((
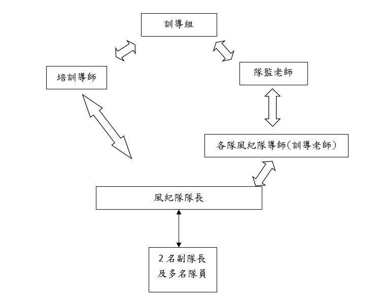 - 風紀隊設兩名總隊長(即隊長),負責協助老師管理及執行全體的工作。另外,每組設風紀副隊長兩名,其餘則為資深隊員或隊員。
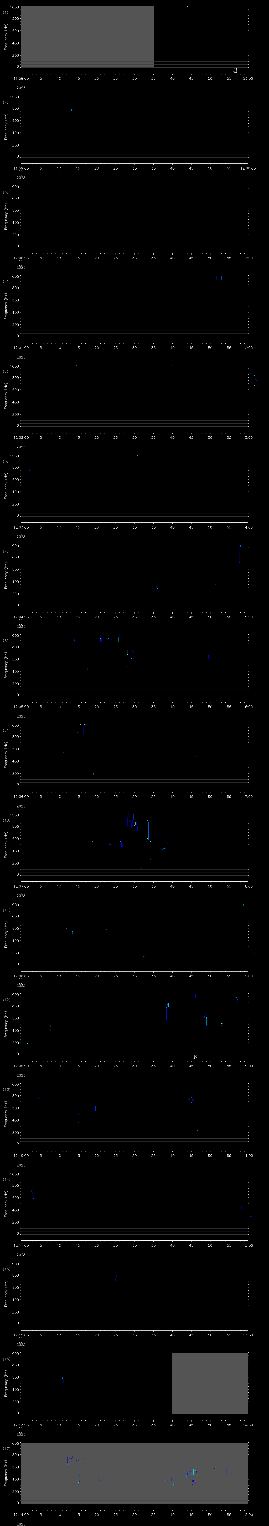 | Date/time | Sei whale | Fin whale | Right whale | Humpback whale | Blue whale | Other | Duration |
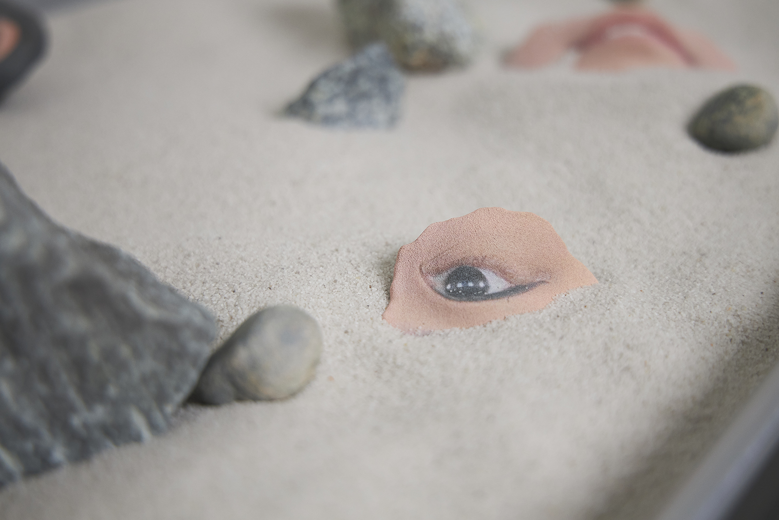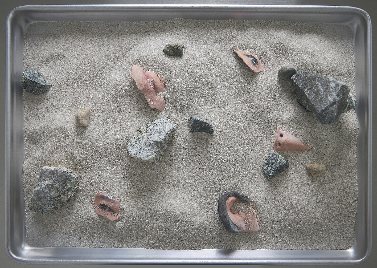 3-D printed nylon, sand, stainless steel shelving table, aluminum trays
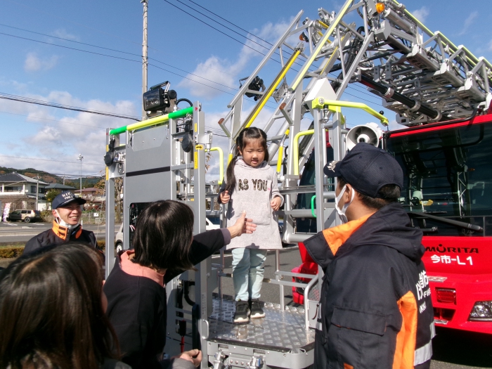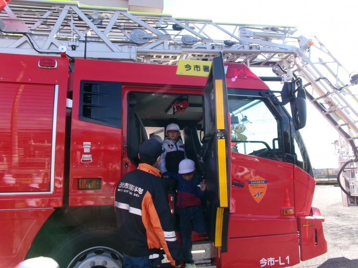 消防士さんのご厚意で、はしご車と救急車を間近で見せてくださいました。はしご車の中やバスケット、救急車の中に入れてくださり、お友達もよーく観察することができました。
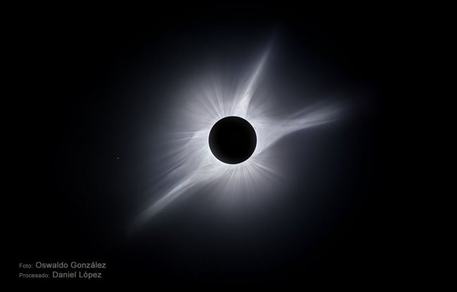 Imagen del eclipse tomada por Oswaldo González (Museo de la Ciencia y el Cosmos) y procesada por Daniel López/IAC.
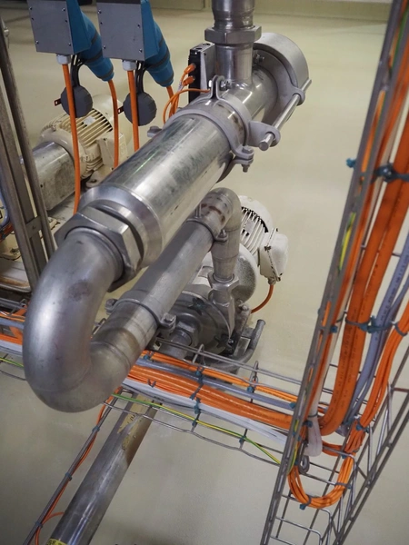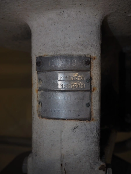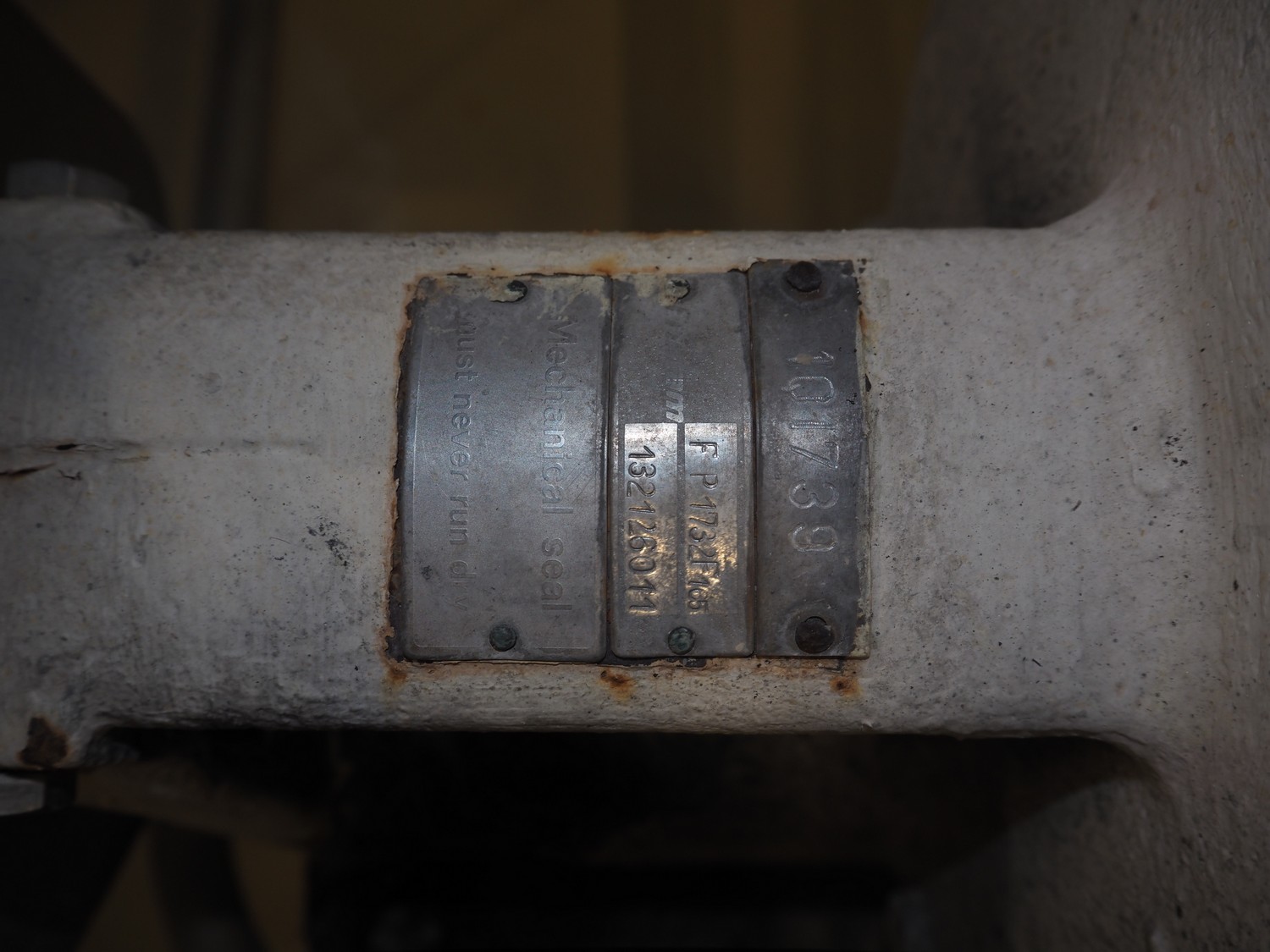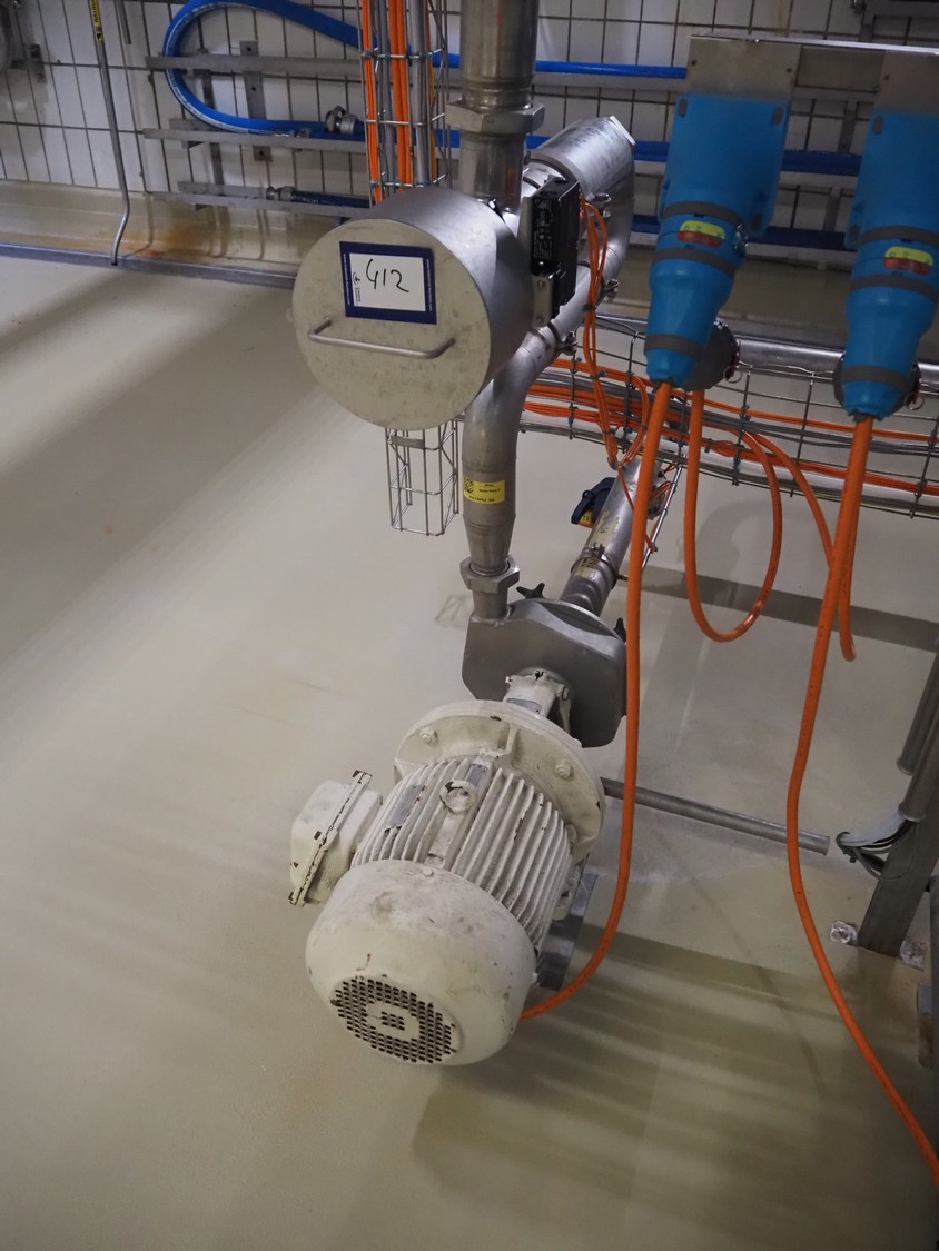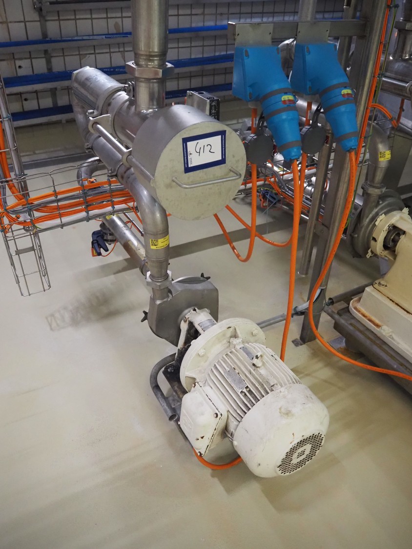 Fristam centrifugal pump with s/s filter, type: FP1732F165, serial number: 132126011, dimensions: 1400 mm x 400 mm x 1200 mm.
))
**Directions for this task**
Copy exactly the lines from the one containing "Imagen del eclipse" through the final line of the records above, both included, and leave out any pictures.

**Written answer**
 Imagen del eclipse tomada por Oswaldo González (Museo de la Ciencia y el Cosmos) y procesada por Daniel López/IAC.
 Fristam centrifugal pump with s/s filter, type: FP1732F165, serial number: 132126011, dimensions: 1400 mm x 400 mm x 1200 mm.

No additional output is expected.